Иоанн III Васильевич, царствовавший с 1462 по 1505 год, первый из русских государей стал именовать себя царем и был одним из величайших монархов России. Он довершил труды своих предшественников в собирании отдельных княжений в единое государство и своими мудрыми делами ясно указал цели и наметил тот путь, по которому и пошли потом его преемники вплоть до наших времен.
С 1425 по 1462 год в Москве был великим князем внук Дмитрия Донского, Василий Васильевич Темный. Много этот князь потерпел несчастий на своем веку, но великое удовольствие доставлял ему подраставший сын. Слепой князь презирал духом великую будущность сына, и, кроме того, эта будущность была ему предсказана, когда Иван был еще отроком.

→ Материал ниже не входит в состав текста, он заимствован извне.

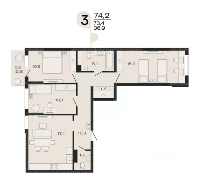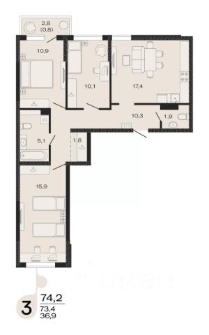 • ✓ В базе Циан 36 3-комнатных квартир в кирпично-монолитном доме в Новокубанском районе Краснодарского края

В Москву приезжал ходатаем за буйных своих сограждан один из святых мужей новгородских, архиепископ Иона. Во время беседы его с великим князем о делах Руси внезапно вошел в горницу сын и наследник Васильев — Иван.

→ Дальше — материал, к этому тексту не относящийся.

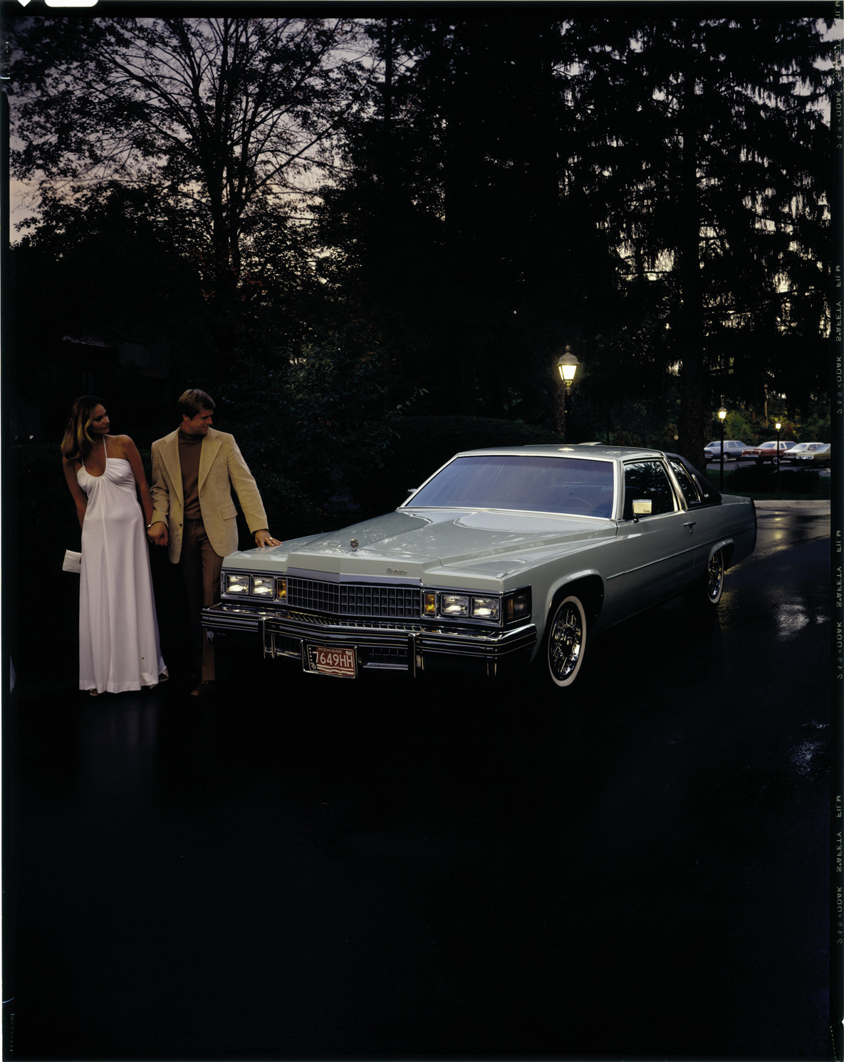View of man and woman posing with a 1977 Cadillac sedan. Label on sleeve: "General Motors, Cadillac, 1977."

Святитель взглянул на него и сказал:
— Вот кому Бог пошлет свободу от власти ордынской.
Затем долго в молчании глядел на отрока, на его разумные очи и вдруг закрыл лицо свое руками и, заплакав, сквозь слезы произнес:
— Отрок сей приведет и мою родину, Великий Новгород, под свою руку.

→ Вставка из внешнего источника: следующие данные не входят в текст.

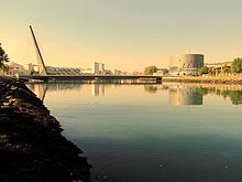 An island on the Lérez opposite a remarkable cable-stayed bridge dating from 1995 (the Pont of Tirantes, the Strap Bridge) and next to the modern Congress Hall shelters the city's green lung, the famous sculpture island park.[27] It is a space where international artists such as Robert Morris, Ulrich Rückriem, Anne and Patrick Poirier, Giovanni Anselmo, Richard Long, Ian Hamilton Finlay or Jenny Holzer have left their works.

Василий Темный умер в 1462 году, 17 марта. Ему наследовал этот Иван, или Иоанн, двадцати двух лет от роду.
Двадцать лет прошло со времени взятия турками Царь-града.
В это время греки, — даже те, которые понадеялись было на папу и подписали соединение вер, — поняли, что спасение их может выйти только из самого православия, и так как из православных государств в то время, очевидно, возвышалось одно государство Московское, то на Москву и обратились с надеждой очи всего Востока.
У греков завязались теснейшие сношения с Москвою. Патриарх греческой церкви сам не мог приехать в Москву: ему нужно было бодрствовать за свою паству в отечестве, он и благословил российскому духовенству самому, соборне, выбрать себе митрополита.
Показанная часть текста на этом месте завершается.